Cost To Retailers If US Exits NAFTA: $15.8 Billion Near-Term
The near-term cost to retailers of exiting the North American Free Trade Agreement (NAFTA) is estimated at $15.8 billion, according to a study released by the global strategy and management consulting firm AT Kearney. How NAFTA Affects US Retail quantifies the impact of a potential withdrawal from the treaty and outlines what changes retailers should expect in the event that the United States exits from the pact.
The report points to how the US retail landscape is in danger of being undercut. It quantifies direct and indirect margin impact across all sectors of retail, including food and beverage, electrical and appliances, pharma, auto parts, household goods, and apparel and footwear.

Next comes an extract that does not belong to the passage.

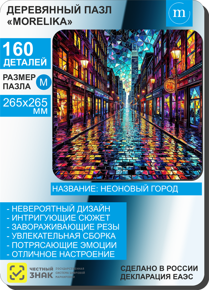 Деревянный пазл Morelika - Неоновый город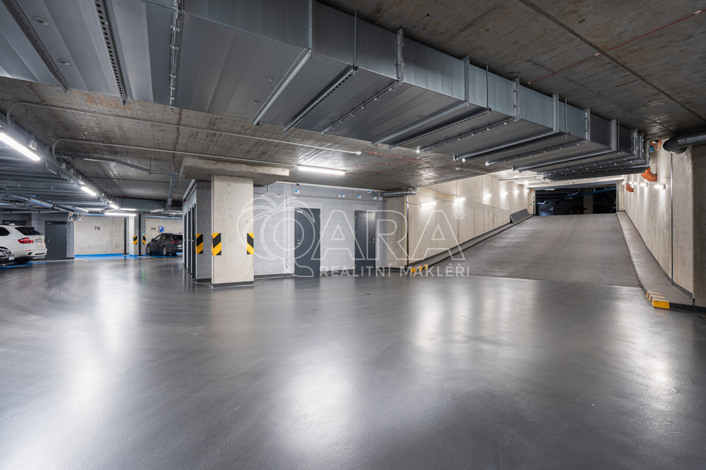 K bytu náleží také sklepní kóje, která je umístěna v garáži domu v blízkosti parkovacího stání, což zajišťuje pohodlný přístup a další praktický úložný prostor.

With the retail industry importing $182 billion of goods from NAFTA partners, the cost to retailers could amount to as much as $15.8 billion in added tariffs and reduced margins. Additionally, the study quantifies the impact on retail employment, projecting losses of over one hundred thousand jobs within the next three years.
“The three macro areas we researched were tariff increases, reduced consumer spending, and lost jobs, each and collectively amounting to losses of billions of dollars and displaced lives,” noted Johan Gott, AT Kearney principal and co-author of the study. “Retailers in different sectors would be affected in different ways—even from product to product. But bottom line, the impact will extend to millions of products imported into the US.”
Should NAFTA be terminated, the report suggests that retailers take steps to quantify the impact on their cost of goods sold; outline a response in terms of several different scenarios that factor in potential impact; become an active voice with policymakers, industry groups and peers to share the real, direct impact that the end of NAFTA would have; and be prepared to share confidential data with government officials to demonstrate this impact.
“If the United States terminates NAFTA, many importers would likely be covered by other protective sanctions against foreign competition,” said Gott. “US retailers do not face the same kind of foreign competition, but they would be left to face higher costs for the goods they sell—a prospect whose ramifications would reverberate throughout the US economy.”
NAFTA has dramatically influenced the US economy, the retail sector, and Americans’ standard of living, Gott noted. “From the time it came into force,” he added, “retailers have gradually become de facto importers, because their customers demand the products that NAFTA allows them to purchase easily, affordably, and with great variety. Retailers are agents without the protections that other importers enjoy.”